# Train DQN Agent to Balance Cart-Pole System

This example shows how to train a deep Q-learning network (DQN) agent to balance a cart-pole system modeled in MATLAB®.

For more information on DQN agents, see Deep Q-Network Agents. For an example that trains a DQN agent in Simulink®, see Train DQN Agent to Swing Up and Balance Pendulum.

### Cart-Pole MATLAB Environment

The reinforcement learning environment for this example is a pole attached to an unactuated joint on a cart, which moves along a frictionless track. The training goal is to make the pole stand upright without falling over.

For this environment:

• The upward balanced pole position is `0` radians, and the downward hanging position is `pi` radians.

• The pole starts upright with an initial angle between –0.05 and 0.05 radians.
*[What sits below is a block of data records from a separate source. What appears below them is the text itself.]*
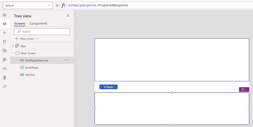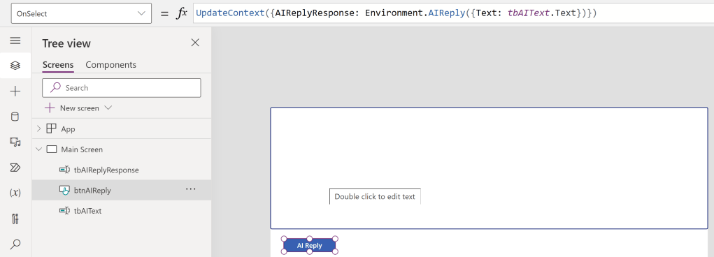 - Lets try the ‘AIReply‘ function. Add a textbox and a button control. On the ‘OnSelect’ event of the button, use the following formula to store the response in the ‘AIReplyResponse’ context variable.
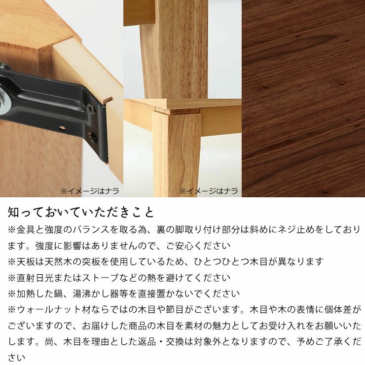 ※ウォールナット材ならではの木目や節目がございます。木目や木の表情に個体差がございますので、お届けした商品の木目を素材の魅力としてお受け入れをお願いいたします。尚、木目を理由とした返品・交換は対象外となりますので、予めご了承ください
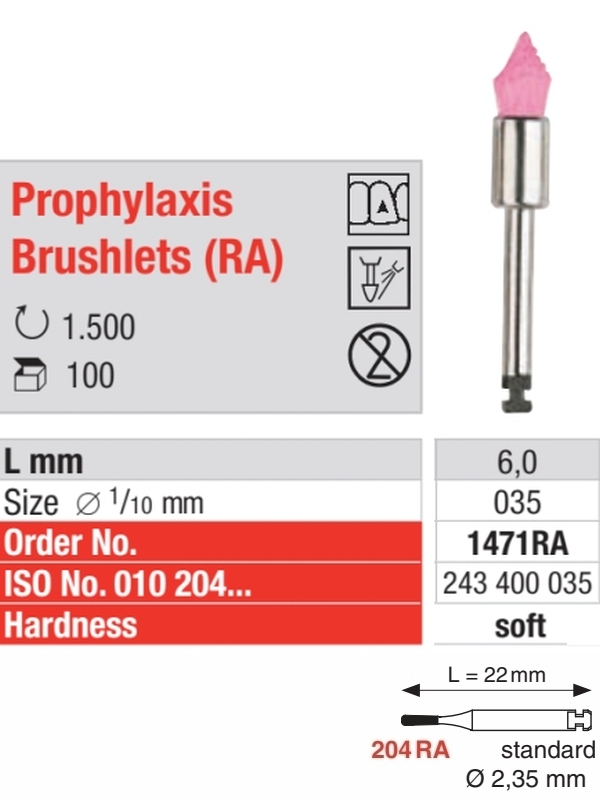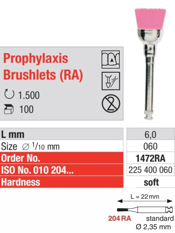 Weiche Nylon-Bürsten zum Entfernen von Zahnbelag in Sulkusnähe, zur Schonung des Weichgewebes.Verwendung mit Polierpaste. Einmalanwendung, nicht autoklavierbar
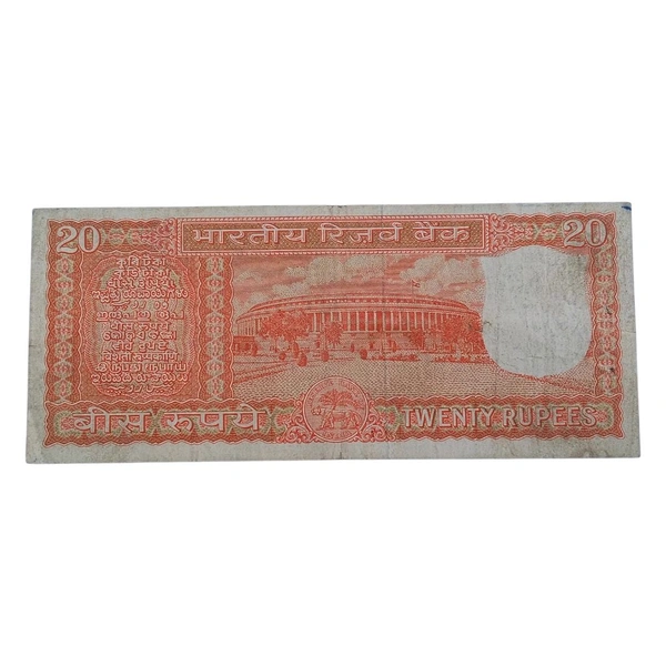 India's seal on the right. The number 20 is large in the middle. Serial number on top right and bottom left.
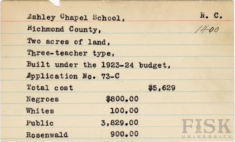 - Rosenwald Fund Card File, The Julius Rosenwald Fund Archives, 1918-1948, John Hope and Aurelia E. Franklin Library

• The force action signal from the agent to the environment is from –10 to 10 N.

• The observations from the environment are the position and velocity of the cart, the pole angle, and the pole angle derivative.

• The episode terminates if the pole is more than 12 degrees from vertical or if the cart moves more than 2.4 m from the original position.

• A reward of +1 is provided for every time step that the pole remains upright. A penalty of –5 is applied when the pole falls.

### Create Environment Interface

Create a predefined environment interface for the system.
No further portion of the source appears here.